1. The relationship between phosphorylation of the cystic fibrosis transmembrane conductance regulator (CFTR) chloride channel and its gating by nucleotides was examined using the patch clamp technique by comparing strongly phosphorylated wild-type (WT) channels with weakly phosphorylated mutant channels lacking four (4SA) or all ten (10SA) dibasic consensus sequences for phosphorylation by protein kinase A (PKA). 2. The open probability (Po) of strongly phosphorylated WT channels in excised patches was about twice that of 4SA and 10SA channels, after correcting for the number of functional channels per patch by addition of adenylylimidodiphosphate (AMP-PNP). The mean burst durations of WT and mutant channels were similar, and therefore the elevated Po of WT was due to its higher bursting rate. 3. The ATP dependence of the 10SA mutant was shifted to higher nucleotide concentrations compared with WT channels. The relationship between Po and [ATP] was noticeably sigmoid for 10SA channels (Hill coefficient, 1.8), consistent with positive co-operativity between two sites. Increasing ATP concentration to 10 mM caused the Po of both WT and 10SA channels to decline. 4. Wild-type and mutant CFTR channels became locked in open bursts when exposed to mixtures of ATP and the non-hydrolysable analogue AMP-PNP. The rate at which the low phosphorylation mutants became locked open was about half that of WT channels, consistent with Po being the principal determinant of locking rate in WT and mutant channels. 5. We conclude that phosphorylation at 'weak' PKA sites is sufficient to sustain the interactions between the ATP binding domains that mediate locking by AMP-PNP. Phosphorylation of the strong dibasic PKA sites controls the bursting rate and Po of WT channels by increasing the apparent affinity of CFTR for ATP.

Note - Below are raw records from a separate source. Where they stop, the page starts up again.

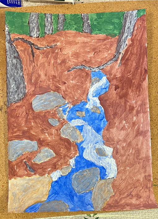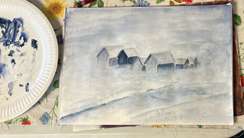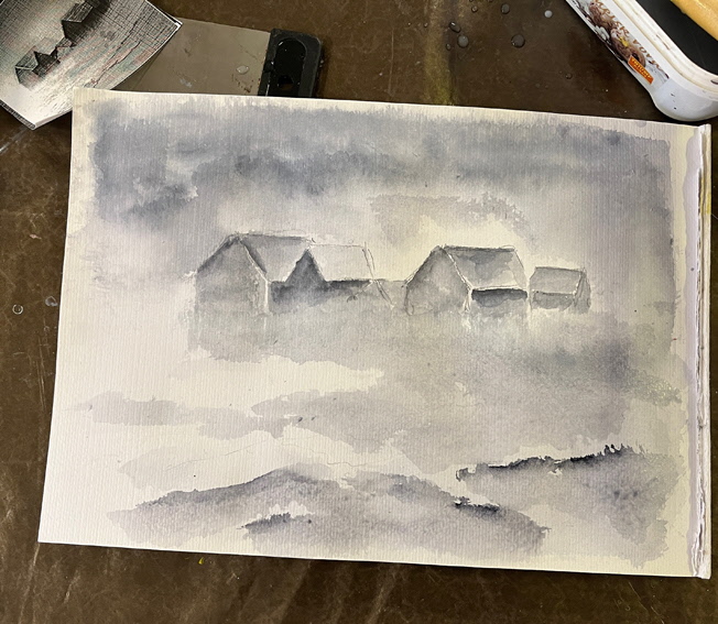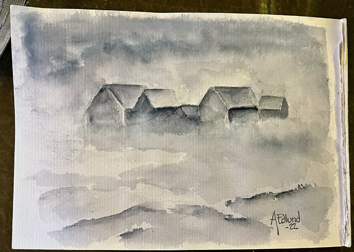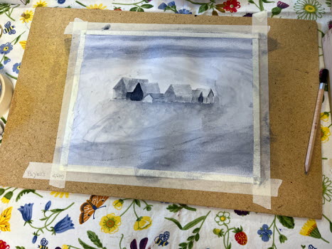 Denna gången försöker vi göra något med en (1) färg och använda olika nyanser, med hjälp av utspädning (vatten), för att få fram djup och skuggor.
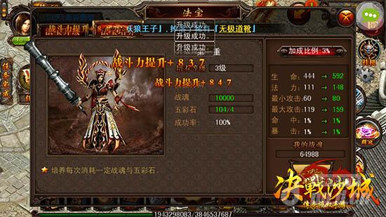 《决战沙城》闪耀法宝会随着等级的进阶而变换形态,漂浮于游戏人物的左上方,等级越高所附加于人物的属性就越强大,提升的战力也就越高,当然外观也会愈加绚丽夺目。同时法宝还有特殊的法宝技能,是增强战力的又一大绝好利器。要想培养法宝系统,必须同时具备足够的五彩石和战魂,每培养提升一级法宝,将会加成生命、法力、最小和最大攻击、命中以及暴击。把握好最佳时机,进阶法宝,出其不意克敌制胜,你就是那个最闪耀的沙城霸主!
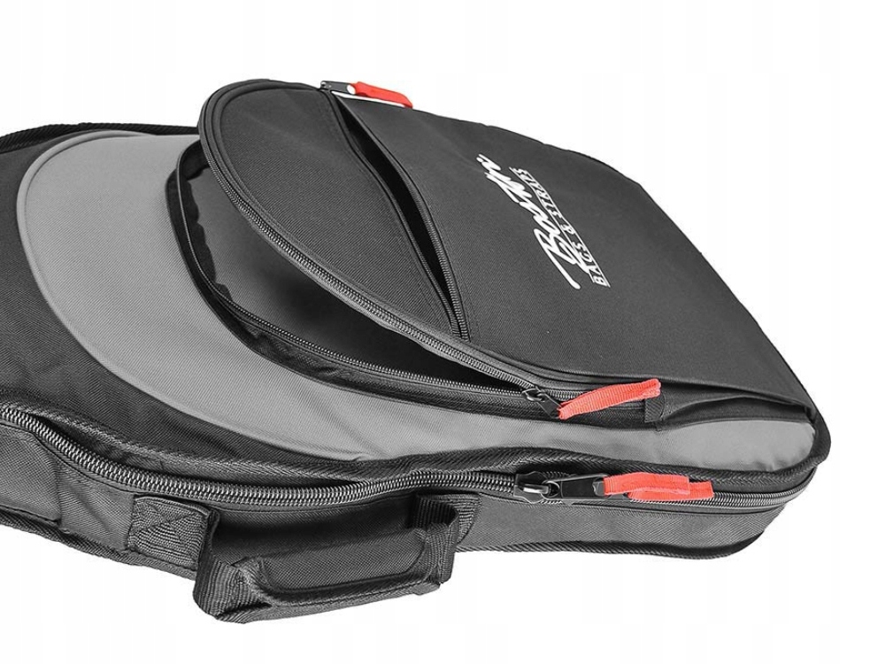 Висококласний футляр для бас-гітари. Він виготовлений з міцного нейлону, має підкладку товщиною 15 мм, міцні блискавки і 2 містких відділення для аксесуарів, планшета або нот. Два плечові ремені та ручка м’які для більшого комфорту при носінні.
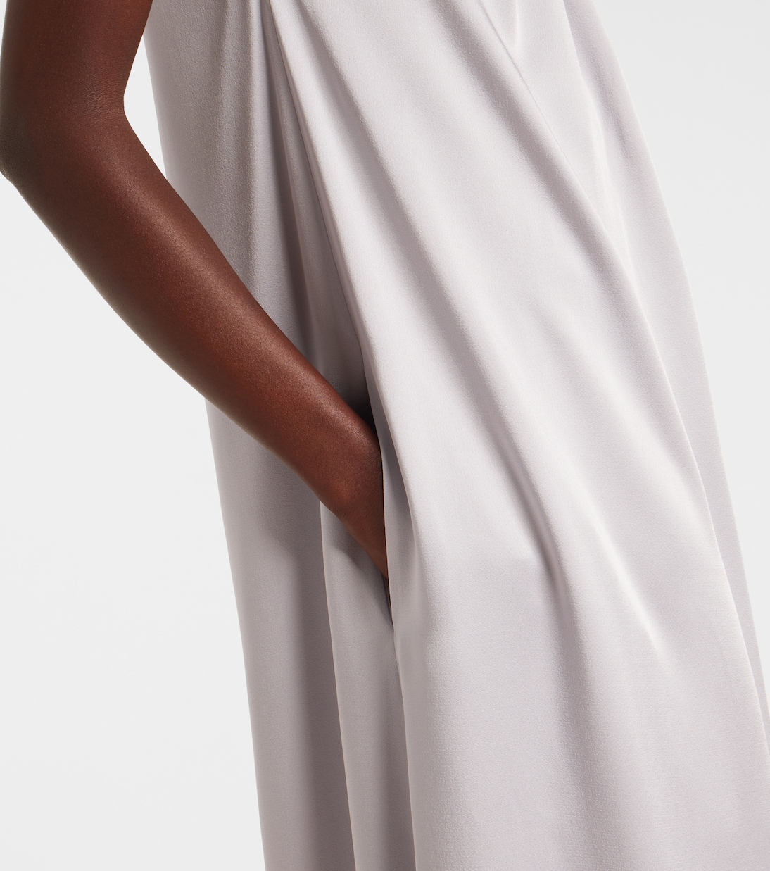 Это элегантное платье от Стеллы Маккартни изготовлено в Италии из атласа. Силуэт халтера подчеркнут металлическими украшениями вокруг шеи.

Adenosine triphosphate-dependent asymmetry of anion permeation in the cystic fibrosis transmembrane conductance regulator chloride channel.

The cystic fibrosis transmembrane conductance regulator (CFTR) forms a tightly regulated channel that mediates the passive diffusion of Cl- ions. Here we show, using macroscopic current recording from excised membrane patches, that CFTR also shows significant, but highly asymmetrical, permeability to a broad range of large organic anions. Thus, all large organic anions tested were permeant when present in the intracellular solution under biionic conditions (PX/PCl = 0.048-0.25), whereas most were not measurably permeant when present in the extracellular solution. This asymmetry was not observed for smaller anions. ATPase inhibitors that "lock" CFTR channels in the open state (pyrophosphate, 5'-adenylylimidodiphosphate) disrupted the asymmetry of large anion permeation by allowing their influx from the extracellular solution, which suggests that ATP hydrolysis is required to maintain asymmetric permeability. The ability of CFTR to allow efflux of large organic anions represents a novel function of CFTR. Loss of this function may contribute to the pleiotropic symptoms seen in cystic fibrosis.